## What the task requires
Print the listing as it stands, omitting all images.

## Collected data
↓↓↓

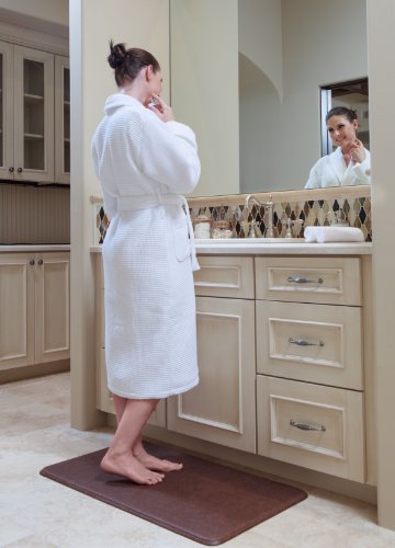Sink your feet into the Imprint® Cumulus9™ Comfort Mat with its proprietary Multi-Core Technology. Feel how it conforms to the shape of your feet and supports your arches for relief of back, leg and foot discomfort. The advantage is its proprietary multilayer cushioning system. The soft, upper layer luxuriously cushions your feet while the firm, lower layer provides soothing support. You’ll want an Imprint® Comfort Mat everywhere you work and stand – kitchen, laundry, bathroom, garage, workshop and more!
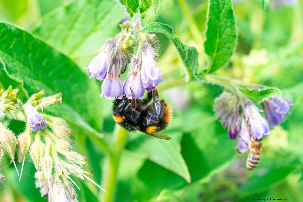 Comfrey flowers, however, attract a different class of hard-working insects. Namely honeybees and bumblebees. So, if you are a beekeeper, or just a gardener keen on rewilidng your backyard, know that growing comfrey can help more than just the soil. It can tap into (re)creating an entire ecosystem with healthier habits and more nutritious pollen and nectar for all creatures to eat.
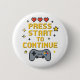 This fun and nostalgic pixel art button features the phrase “Press Start to Continue” in bold yellow 8-bit font, accompanied by red pixel hearts, a retro-style game controller, and pixel stars. Perfect for gamers, streamers, game lovers, and retro enthusiasts. Great for backpacks, jackets, lanyards, or convention flair!

↑↑↑

## Response to this task
Sink your feet into the Imprint® Cumulus9™ Comfort Mat with its proprietary Multi-Core Technology. Feel how it conforms to the shape of your feet and supports your arches for relief of back, leg and foot discomfort. The advantage is its proprietary multilayer cushioning system. The soft, upper layer luxuriously cushions your feet while the firm, lower layer provides soothing support. You’ll want an Imprint® Comfort Mat everywhere you work and stand – kitchen, laundry, bathroom, garage, workshop and more!
 Comfrey flowers, however, attract a different class of hard-working insects. Namely honeybees and bumblebees. So, if you are a beekeeper, or just a gardener keen on rewilidng your backyard, know that growing comfrey can help more than just the soil. It can tap into (re)creating an entire ecosystem with healthier habits and more nutritious pollen and nectar for all creatures to eat.
 This fun and nostalgic pixel art button features the phrase “Press Start to Continue” in bold yellow 8-bit font, accompanied by red pixel hearts, a retro-style game controller, and pixel stars. Perfect for gamers, streamers, game lovers, and retro enthusiasts. Great for backpacks, jackets, lanyards, or convention flair!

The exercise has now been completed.